6. November 2020

Wir Kinder der Barbaren

Manchmal stockt mir der Atem. Manchmal bin ich schon nach einem halben Tag sehr müde. Ich spüre, wie sich eine Traurigkeit vertieft. Die letzten fünf Jahre waren im ganzen Land ein zunehmendes Kräftespiel unbewältigter Problemlagen. Inzwischen zeigen uns allerhand laufende Verfahren, wie viel an Inkompetenz diverse Funktionseliten kaum noch verbergen können; bis in höchste Regierungskreise.

Was dagegen hilft? Ich kenne nur diesen wirksamen Weg: Nischen aufmachen und beleben, in denen Achtsamkeit, Sachkompetenz und ein fairer Umgang miteinander regieren.
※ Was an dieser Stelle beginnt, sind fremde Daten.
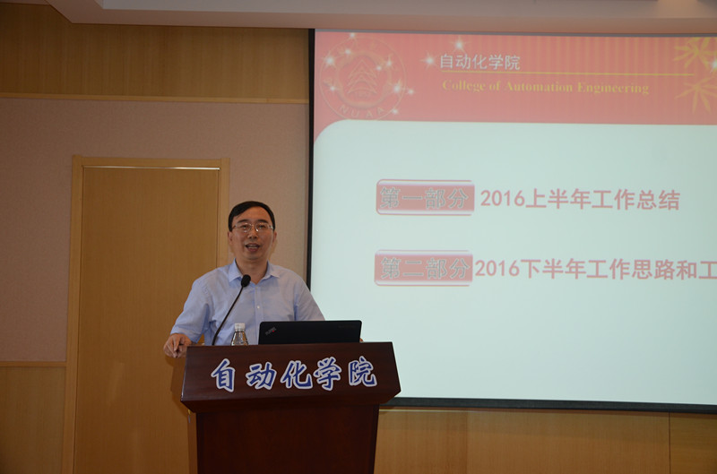 接着,院长姜斌同志代表学院做《AWC万象城娱乐2016年上半年工作报告和2016年下半年工作部署》,报告中重点对学院的党建、教学、科研、师资、学科建设、人才培养、学生工作等方面进行全面总结和回顾。学院围绕中心工作,在学生培养、科研工作建设、学院文化建设等方面取得了新的突破和发展,特别突出的是,今年万象城新增一名“万人计划”中青年科技领军人物,新增1名全国优秀科技工作者,新增2名“国家优秀青年科学基金”获得者,新增2名“江苏省杰出青年基金”获得者,获批1个工信部首批国防特色学科等。姜院长要求全体教师要以努力完成万象城目标管理工作为要求,以“十三五”规划和深化校内综合改革为契机,乘势而上,坚定信心,科学发展,进一步增强万象城的办学活力、干事动力和工作合力,全面推进学院各项工作再上新台阶。

Dazu Themenschwerpunkte von Relevanz.

Wer das laut behauptet, weckt mein Mißtrauen. Was hab ich nun über Jahre alles an Propaganda in die Ohren geblasen bekommen! Wer aber so handelt, ist schnell erkennbar und bedarf keiner Marktschreierei. Wo die Taten sprechen, finde ich mich zurecht. Den Sprücheklopfern mag ich nicht mehr zuhören.

Die Berichte zum Mordschützen von Wien haben mir so deutlich in Erinnerung gebracht, wie ein automatisches Gewehr klingt. Diese harten Schläge, vor denen sich die Luft duckt. Mir gingen in den letzten Stunden zwei Fragen im Kopf um:
+) Was, wenn es mich getroffen hätte?
+) Was, wenn es mein Sohn gewesen wäre?

Ich bin das Kind von Barbaren. Daher weiß ich gut, daß Schuld und Verantwortung zwei verschiedene Kategorien sind. Schuld kommt aus Taten oder schuldhaften Unterlassungen. Darüber haben wir als Gesellschaft allerhand Klarheiten. Mit Verantwortung ist es kniffliger; doch auch klärbar: sie bemißt sich an dem, was ich auf mich nehmen kann.
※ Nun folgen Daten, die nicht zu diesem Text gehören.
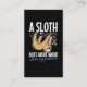 Lazy Sloth Funny Pancreas T1D Diabetes Visitkort

Meine Vaterschaft hat mir ein irritierendes Gefühl eingebracht. Eines Tages schien mir: irgendwie sind die Kinder, egal wessen Kinder, unser aller Schutzbefohlene. Das meint, sie sind in etlichen Situationen auf unseren Schutz angewiesen, ganz unabhängig davon, welche Eltern das gerade nicht leisten können. (Sie kennen dieses Bonmot, es brauche ein ganzes Dorf, um ein Kind aufzuziehen?)

Aber was heißt es praktisch, daß sie alle unsere Schutzbefohlenen seien? Wie ist das umzusetzen? Heute denke ich: das klappt über individuelle Lösungen. Und, wie oben zum Thema Verantwortung angedeutet, es bemißt sich an dem, was ich auf mich nehmen kann. Wenn ich es nicht tragen kann, mögen andere da sein, die das schaffen.

Da ich nur das an Verantwortung übernehmen kann, was mir tragbar und erträglich ist, bleibt das Gemeinwesen von so großer Bedeutung. Deshalb sind solche Dinge einer Gemeinschaft anempfohlen, deren verschiedene Mitglieder unterschiedliche Ressourcen zur Verfügung haben.

Um das als relevant zu erleben, hätte es nicht erst des Attentäters von Wien bedurft. Was diese Schüsse an Solidaritätsbekundungen ausgelöst haben, sollte sich eigentlich in den kommenden Wochen in unserem Alltag beweisen; oder es war hauptsächlich Pose.

Was den Täter angeht, tagt derzeit eine Art „Volksgerichtshof“ in den Social Media. Es hagelt Fernbefunde, die kein Professional der Psychologie und des Umgangs mit gefährlichen Menschen abgeben würde. Wie sehr sich doch der Pöbel freut, wenn jemand in der Arena landet.